Man vs Software

Dah lama ga update blog ini 😀

Yup sekarang saya mau bahas tentang SON yaitu Self Organizing Network. Its about automatic software.

Saya jadi ingat dulu pertama kali bekerja di dunia telekomunikasi, kami diberi tugas oleh koordinator kami untuk membuat program menggunakan Macro VB Excel. Latar belakangnya adalah kami punya rutinitas kerjaan dan tugas yang berulang setiap waktu dan hari. Dan koordinator kami mempunyai ide bagaimana menekan pengulangan kerjaan secara manual digantikan program yang mengeksekusi rutinitas itu secara otomatis dan jauh lebih cepat dengan hanya menekan tombol setelah mempersiapkan input! Pekerjaan jauh lebih cepat, efisien, efektif, bahkan mengurangi kesalahan atau error. Kata kuncinya disini adalah : Cepat dan Error Reduction yang berujung pada Cost Efficiency dan Kredibilitas. Saya berterima kasih kepada jasa koordinator itu, dalam kerjaan saya selanjutnya ilmu ini sangat membantu.

SON

Nah SON ini saya pikir sama persis idenya dengan latar belakang diatas, dan SON bener-bener akan sangat powerful ketika sistemnya sudah lengkap dan sempurna nantinya.
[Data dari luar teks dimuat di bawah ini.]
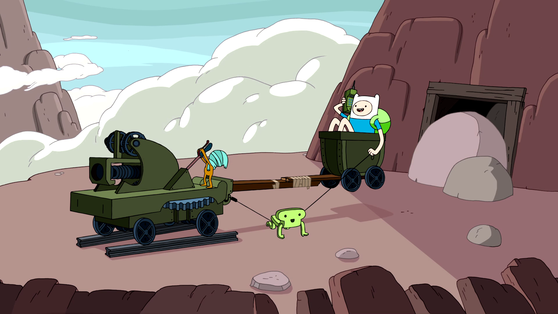 Finn once used a catapult to propel himself towards Jake during one of their attempts to perform the perfect high-five. The catapult was operated by a blindfolded individual , who was seemingly assisted by a rather odd-looking person .

Beberapa fungsinya misalnya:

  • Paramater Consistency Check
  • Automatic Neighbor Relation
  • Layer Management System
  • Reuse Code Optimization
  • Coverage and Capacity Optimization
  • Load Balancing
  • Mobility Robustness
  • Automatic Parameter Optimization
  • Carrier Aggregation Optimization
  • VOLTE Optimization
  • dan masih banyak lagi..

SON diagram

 

Input untuk SON adalah parameter fisik seperti tinggi antenna, azimuth, tilting, dikombinasikan dengan counter-counter dari network yang disimpan dalam sebuah database juga parameter-parameter dari sebuah system. Sebuah program kemudian akan berjalan dalam sebuah server yang kemudian melakukan komputasi berdasarkan input-input ini. Analisis yang dulu dilakukakan manual oleh manusia kini bisa dilakukan lebih cepat, komprehensif dan masif dan menghasilkan ouput rekomendasi yang bisa diterapkan ke sistem menghasilkan sistem dan network yang lebih baik. Keterbatasannya adalah computing power dan input, karna dalam sistem otomatis seperti ini prinsipnya adalah Garbage In Garbage Out, inputan sampah keluarannya juga sampah.
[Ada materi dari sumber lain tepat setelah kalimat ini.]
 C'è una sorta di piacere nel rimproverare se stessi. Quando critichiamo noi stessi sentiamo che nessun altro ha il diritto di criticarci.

Ya, sebagai tenaga kerja, persaingan kita kini tidak terbatas pada sesama tenaga kerja tapi juga dengan mesin dan software 😀 Fungsi manusia sekarang tinggal decision maker, desain, dan penginput. Jadi untuk tetap eksis sepertinya kita harus siap jadi decision maker, desainer, dan inputer yang mau ga mau harus ngerti alur cara berpikir dan komputasi SON juga output yang benar.

Dan saya yakin fungsi manusia yang di-disrupt oleh software tidak hanya terjadi di bidang telekomunikasi tapi juga di semua bidang.

Sudah siapkah kita bersaing dengan mesin dan software?